=== TO DO ===
Write out the data exactly, please, and omit the pictures.

*** SUPPLIED MATERIAL Section Begins ***

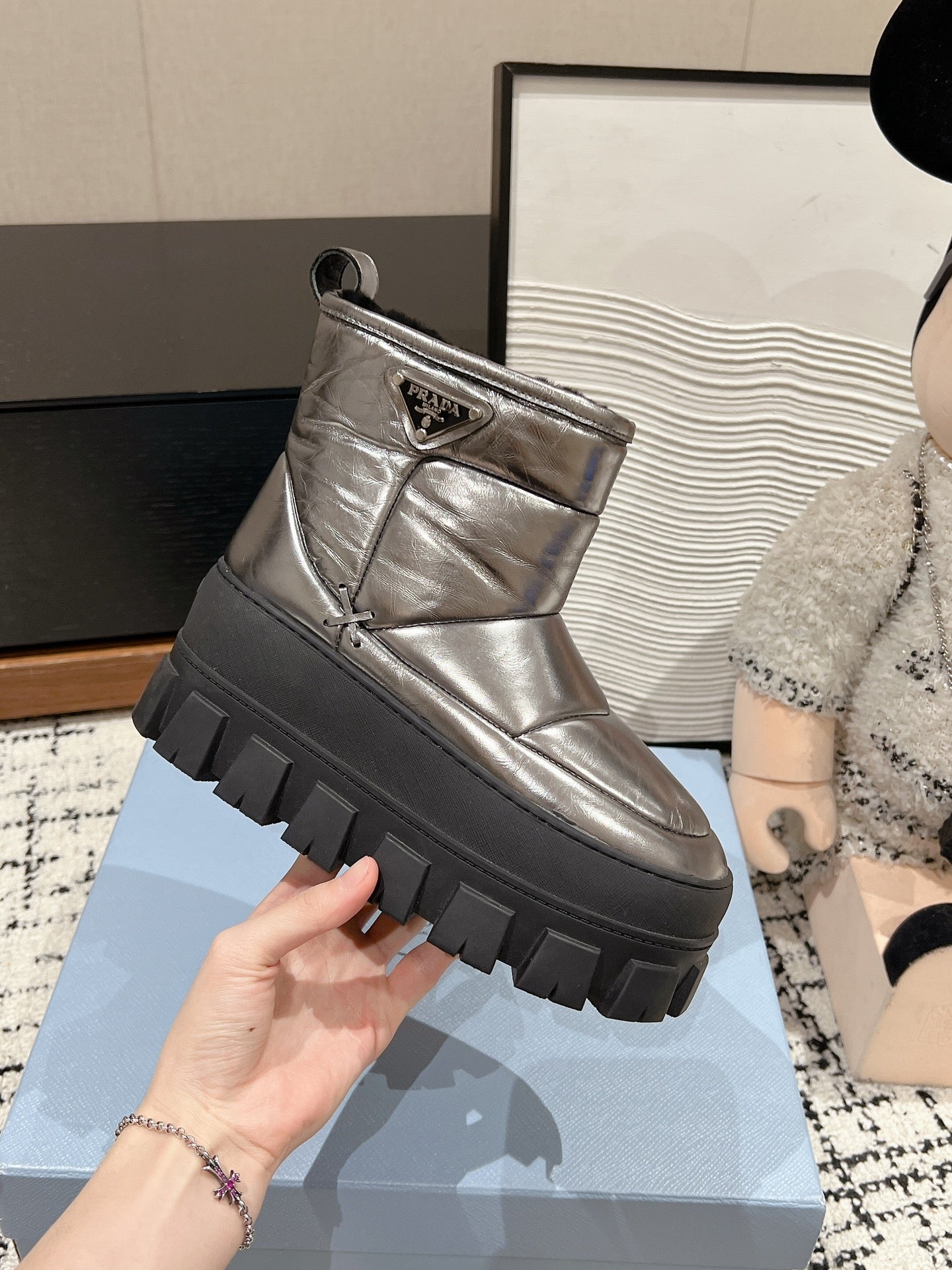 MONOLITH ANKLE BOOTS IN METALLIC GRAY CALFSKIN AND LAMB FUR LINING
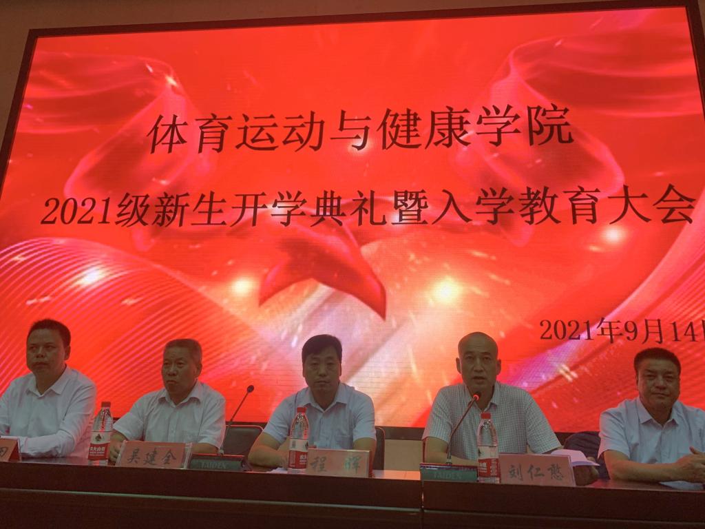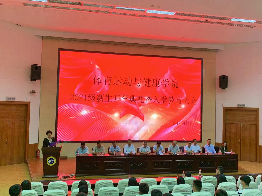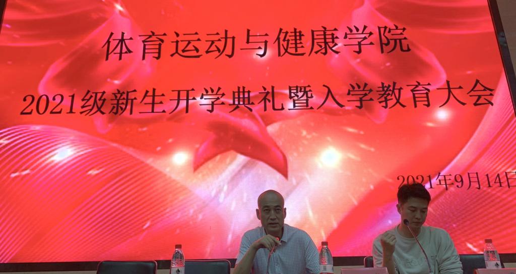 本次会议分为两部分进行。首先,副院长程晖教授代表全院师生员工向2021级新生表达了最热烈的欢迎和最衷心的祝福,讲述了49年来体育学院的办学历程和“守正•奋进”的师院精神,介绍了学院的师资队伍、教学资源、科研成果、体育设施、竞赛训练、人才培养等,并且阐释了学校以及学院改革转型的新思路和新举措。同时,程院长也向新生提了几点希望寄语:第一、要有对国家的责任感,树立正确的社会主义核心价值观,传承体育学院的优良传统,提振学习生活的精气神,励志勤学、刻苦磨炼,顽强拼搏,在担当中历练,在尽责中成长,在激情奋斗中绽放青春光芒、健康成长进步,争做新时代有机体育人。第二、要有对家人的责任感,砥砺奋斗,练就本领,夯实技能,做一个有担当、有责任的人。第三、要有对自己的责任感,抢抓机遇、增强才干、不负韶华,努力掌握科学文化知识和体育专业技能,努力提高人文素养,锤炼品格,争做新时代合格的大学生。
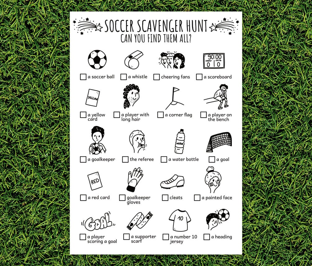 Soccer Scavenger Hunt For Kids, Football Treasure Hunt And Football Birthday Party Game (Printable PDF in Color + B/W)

*** SUPPLIED MATERIAL Section Ends ***

=== WRITTEN SOLUTION ===
 MONOLITH ANKLE BOOTS IN METALLIC GRAY CALFSKIN AND LAMB FUR LINING
 本次会议分为两部分进行。首先,副院长程晖教授代表全院师生员工向2021级新生表达了最热烈的欢迎和最衷心的祝福,讲述了49年来体育学院的办学历程和“守正•奋进”的师院精神,介绍了学院的师资队伍、教学资源、科研成果、体育设施、竞赛训练、人才培养等,并且阐释了学校以及学院改革转型的新思路和新举措。同时,程院长也向新生提了几点希望寄语:第一、要有对国家的责任感,树立正确的社会主义核心价值观,传承体育学院的优良传统,提振学习生活的精气神,励志勤学、刻苦磨炼,顽强拼搏,在担当中历练,在尽责中成长,在激情奋斗中绽放青春光芒、健康成长进步,争做新时代有机体育人。第二、要有对家人的责任感,砥砺奋斗,练就本领,夯实技能,做一个有担当、有责任的人。第三、要有对自己的责任感,抢抓机遇、增强才干、不负韶华,努力掌握科学文化知识和体育专业技能,努力提高人文素养,锤炼品格,争做新时代合格的大学生。
 Soccer Scavenger Hunt For Kids, Football Treasure Hunt And Football Birthday Party Game (Printable PDF in Color + B/W)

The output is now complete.